A recent amendment to the new U.K. rules on how share-based awards held by internationally mobile employees (IMEs) are taxed, set to come into force on April 6, 2015, will potentially allow any amounts chargeable to U.K. income tax on the vesting of restricted shares to be reduced by any amounts that were charged to non-U.K. income tax on acquisition. This may result in some of these employees paying less U.K. income tax than others (depending on the type of award and individual circumstances).
A recent amendment1 to the new U.K. rules on how share-based awards held by internationally mobile employees (IMEs) are taxed, set to come into force on 6 April 2015, will potentially allow any amounts chargeable to U.K. income tax on the vesting of restricted shares to be reduced by any amounts that were charged to non-U.K. income tax on acquisition.
With the U.K. tax treatment of certain share incentives of IMEs changing, effective from 6 April 2015, existing awards will be affected, so that the U.K. tax treatment may differ from that which the assignee expects.
As discussed in Flash International Executive Alert 2014-032 (20 March 2014) Finance Bill 2014 is set to enact sweeping changes to the way in which share-based awards held by IMEs are taxed in the United Kingdom.
The Finance Bill received Royal Assent on 17 July 2014, becoming Finance Act, 2014.
The recent amendment concerning restricted shares is discussed below.
From 6 April 2015, IMEs will generally be charged to U.K. income tax on the proportion of the award that corresponds to the proportion of the ‘relevant period’ that the IME was working in the United Kingdom.
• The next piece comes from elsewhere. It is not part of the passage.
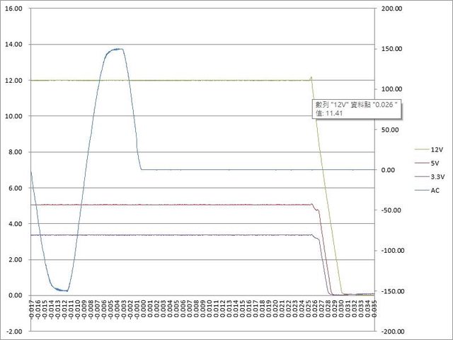 ○綜合全負載輸出狀態切斷AC輸入模擬電力中斷,12V於26ms降至11.41V

For restricted shares, the ‘relevant period’ is generally the date of acquisition to the date of the chargeable event (e.g., when restrictions are removed).
While it is expected that these changes will be broadly positive, they will result in some IMEs paying less U.K. income tax under the new rules and others paying more, depending on the type of award and the employee’s individual circumstances.
Potentially Adverse Outcome for U.K. Inbounds
For example, consider a U.K. inbound employee who acquired restricted shares before arriving in the United Kingdom. Since such an individual would not have had the opportunity to make an election to be chargeable to income tax only on acquisition, a charge to U.K. income tax would potentially arise on the vesting of restricted shares (i.e., when the restrictions lift) where such vesting occurs on or after 6 April 2015.
Under the original version of the legislation, although a foreign tax credit may have been available for foreign tax paid on acquisition under the treaty, U.K. tax would remain due on vesting under a number of scenarios including being due on a proportion of any growth in value, even if the employee was taxed on the full unrestricted market value of the shares at acquisition. Additionally, the U.K. tax rate may be greater than the foreign tax rate so that some U.K. tax may effectively be due on the amount taxed at acquisition.
Under a recent amendment to the legislation, when the individual is taxable overseas on the full unrestricted market value of shares at acquisition, U.K. tax will not be charged when the restrictions lift.
Please note that assignees from other countries that tax restricted shares on acquisition, but allow for a discount to be taken to reflect the restrictions attaching to the shares, will still be subject to some U.K. income tax on vesting.